The council has recently introduced a Community Hubs model of service delivery with the vision ‘to ensure community aspirations are raised using a holistic partnership approach’. This had created an inconsistent experience for those customers accessing services through the Customer Service Centre (CSC), who, like most other Local Authorities, are pushing digital channels and are trying to manage growing demand with decreasing resource. 


There were complex processes and governance that sometimes made it difficult for customer service advisors (CSAs) to deliver what they felt customers needed at the first-point-of-contact. In addition to this, there are different messages and services available depending on whether a customer presented at the Civic Centre or one of the local Community Hubs. 


Working with a team of officers we identified a series of business problems to solve as part of the project:


  1. There was not a joined-up approach between back-office teams and frontline teams. 

  2. There was not a consistent understanding of the Community Hub vision or expectations of partnership working.

  3. Customer communications were inconsistent, and expectations of customers were not set at the correct level, resulting in low satisfaction levels for both CSAs and customers.

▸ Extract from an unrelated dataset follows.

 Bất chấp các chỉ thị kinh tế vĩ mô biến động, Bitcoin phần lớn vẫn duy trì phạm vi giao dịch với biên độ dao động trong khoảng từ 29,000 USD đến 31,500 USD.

The Human Engine team used our Drive Methodology to implement a 12-week Improvement Drive to overcome the key business problems. This is a 4-step process to deliver a project, which maintains momentum throughout and promotes employee-led change.

Outputs and Outcomes

Within 12 weeks the project team delivered four key solutions to improve back-office process, communication and joined-up working between teams:


  1. Priority telephone numbers: CSAs highlighted that they were unable to access specialist support when a customer was vulnerable. The CSAs have the same number as the general public for teams such as Housing or Revenues. The project team have implemented and are piloting direct numbers to teams to reduce the time it takes to support customers when they are at their most vulnerable. 

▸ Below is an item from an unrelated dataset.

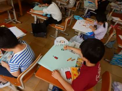 図画工作科の学習では、「ふしぎなたまご」の学習を進めています。ふしぎなたまごから生まれる世界を描いていきます。「どんなふしぎなたまごを描こうかな。」「割れたたまごをどのようにおこうかな。」「海の世界にしたいから、魚などの生き物をたくさん描こう。」など自分の表したい世界を考えながら描いていました

  2. Letters and Correspondence: The team redesigned letter and correspondence templates for customer appointments to ensure the most important information is presented up-front and anything the customer needed to do is made clear.

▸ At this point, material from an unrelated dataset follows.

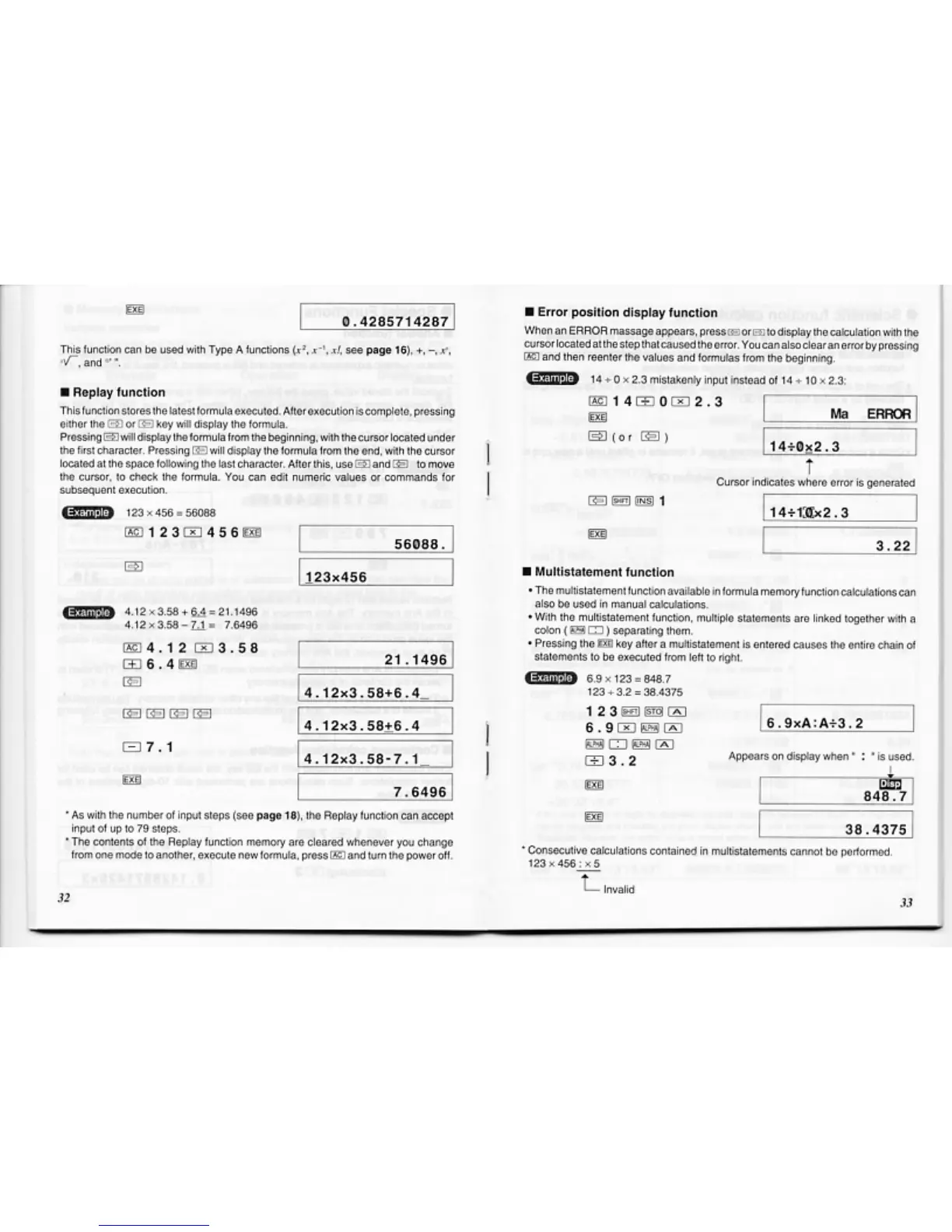Casio FX-D400 - Error Position Display; Multistatement Function

  3. Training: The Community Hubs team attended frontline team meetings to inform customer service staff and answer questions and take feedback. Staff from the Hubs and CSC will rotate shadowing on a weekly basis, to provide knowledge sharing and to continue to innovate and share ideas to improve the customer experience.

  4. Referral form: Building on a newly formed collaboration between the CSC and Hubs, the project team built a referral form to create better handoffs for customers. This enables better information sharing between teams as well as avoidance of duplication for the customer.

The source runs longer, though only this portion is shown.